* _Action item_
Starting at the line with "Custom Name Monogram" and going on through the line with "NOWOCZESNA MYDELNICZKA Z", reproduce each line in the records below exactly and nothing more.

* _Data for processing_
*****

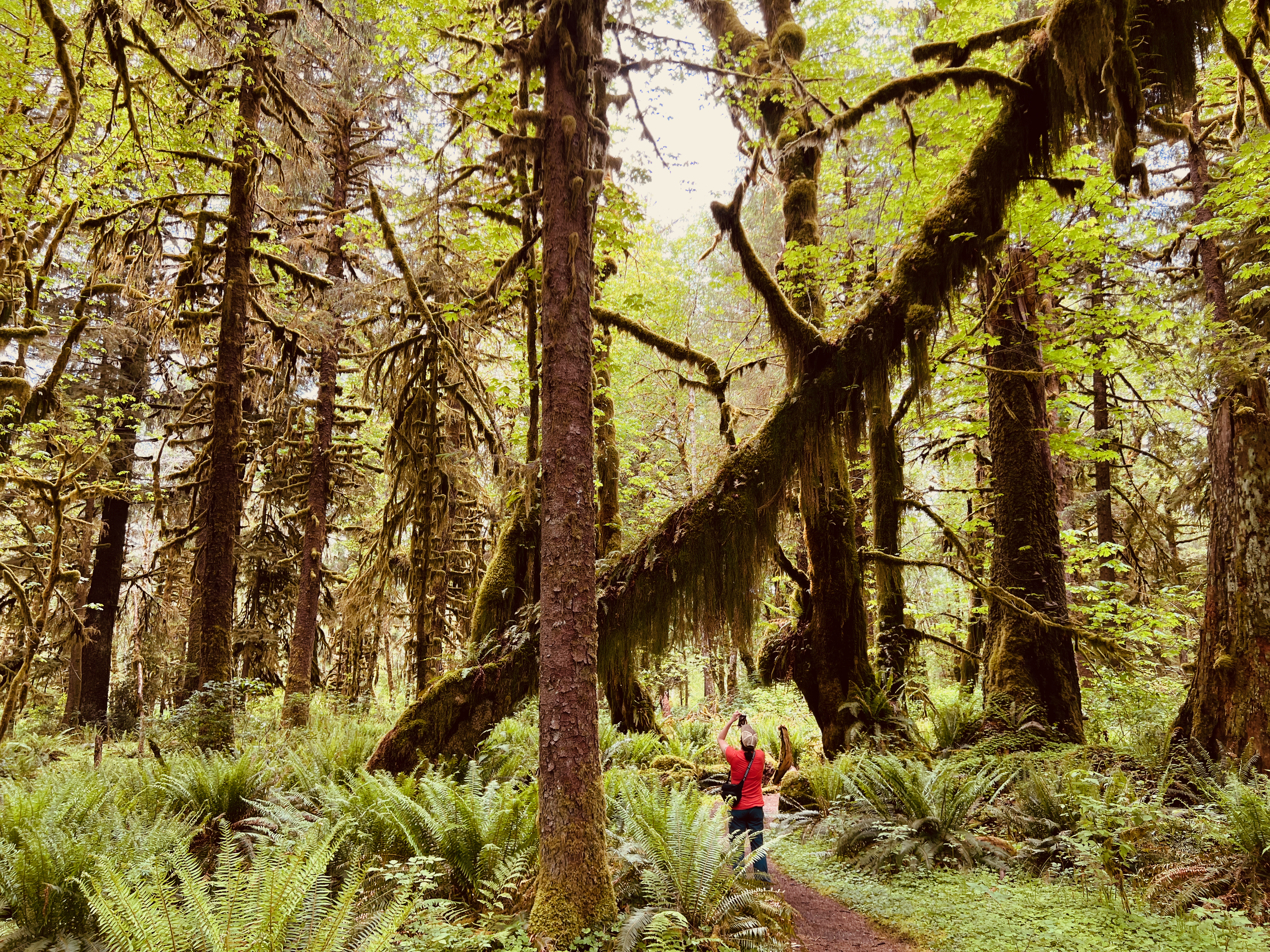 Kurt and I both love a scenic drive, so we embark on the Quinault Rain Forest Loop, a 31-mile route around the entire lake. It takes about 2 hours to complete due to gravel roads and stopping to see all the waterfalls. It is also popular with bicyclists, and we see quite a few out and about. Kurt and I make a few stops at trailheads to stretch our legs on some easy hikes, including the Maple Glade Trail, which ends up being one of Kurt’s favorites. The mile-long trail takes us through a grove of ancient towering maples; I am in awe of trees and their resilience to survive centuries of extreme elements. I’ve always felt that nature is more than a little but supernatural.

*****

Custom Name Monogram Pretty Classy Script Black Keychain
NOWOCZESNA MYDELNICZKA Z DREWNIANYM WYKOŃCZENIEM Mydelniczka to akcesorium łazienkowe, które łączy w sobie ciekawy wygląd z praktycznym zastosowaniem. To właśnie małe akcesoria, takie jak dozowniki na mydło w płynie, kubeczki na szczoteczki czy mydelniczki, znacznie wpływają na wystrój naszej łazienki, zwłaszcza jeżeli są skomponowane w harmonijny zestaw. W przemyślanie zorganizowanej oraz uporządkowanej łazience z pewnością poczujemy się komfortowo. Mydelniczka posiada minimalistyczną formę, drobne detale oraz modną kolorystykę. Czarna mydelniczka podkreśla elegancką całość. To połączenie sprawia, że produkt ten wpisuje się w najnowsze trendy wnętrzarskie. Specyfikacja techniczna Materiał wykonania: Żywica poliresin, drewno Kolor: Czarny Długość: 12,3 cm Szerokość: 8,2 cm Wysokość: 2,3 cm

*****

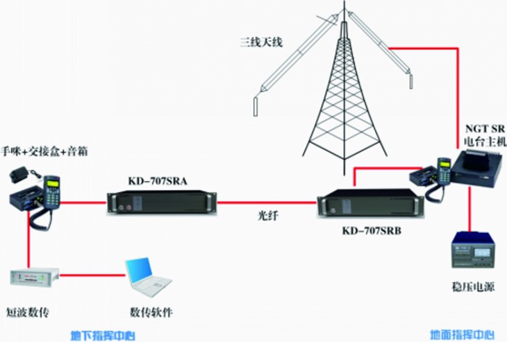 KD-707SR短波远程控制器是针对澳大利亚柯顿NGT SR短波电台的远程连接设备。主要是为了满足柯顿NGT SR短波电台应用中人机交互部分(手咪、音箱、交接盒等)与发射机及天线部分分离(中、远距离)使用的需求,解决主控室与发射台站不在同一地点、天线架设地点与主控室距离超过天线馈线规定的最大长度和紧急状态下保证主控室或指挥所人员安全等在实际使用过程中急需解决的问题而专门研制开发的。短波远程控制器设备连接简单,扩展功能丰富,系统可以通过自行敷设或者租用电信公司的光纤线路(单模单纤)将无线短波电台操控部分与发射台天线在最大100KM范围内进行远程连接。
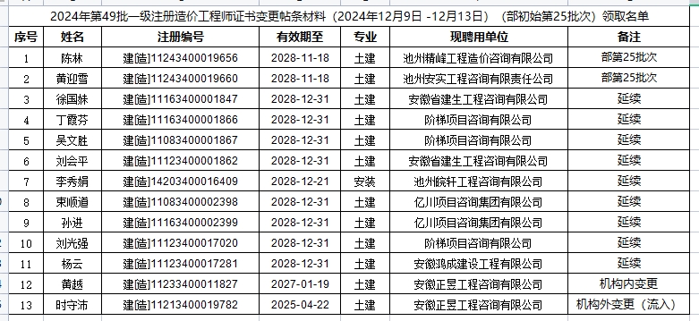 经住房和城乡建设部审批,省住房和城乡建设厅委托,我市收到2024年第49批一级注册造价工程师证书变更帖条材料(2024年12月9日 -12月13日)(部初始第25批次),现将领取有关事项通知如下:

*****

* _Problem solution_
Custom Name Monogram Pretty Classy Script Black Keychain
NOWOCZESNA MYDELNICZKA Z DREWNIANYM WYKOŃCZENIEM Mydelniczka to akcesorium łazienkowe, które łączy w sobie ciekawy wygląd z praktycznym zastosowaniem. To właśnie małe akcesoria, takie jak dozowniki na mydło w płynie, kubeczki na szczoteczki czy mydelniczki, znacznie wpływają na wystrój naszej łazienki, zwłaszcza jeżeli są skomponowane w harmonijny zestaw. W przemyślanie zorganizowanej oraz uporządkowanej łazience z pewnością poczujemy się komfortowo. Mydelniczka posiada minimalistyczną formę, drobne detale oraz modną kolorystykę. Czarna mydelniczka podkreśla elegancką całość. To połączenie sprawia, że produkt ten wpisuje się w najnowsze trendy wnętrzarskie. Specyfikacja techniczna Materiał wykonania: Żywica poliresin, drewno Kolor: Czarny Długość: 12,3 cm Szerokość: 8,2 cm Wysokość: 2,3 cm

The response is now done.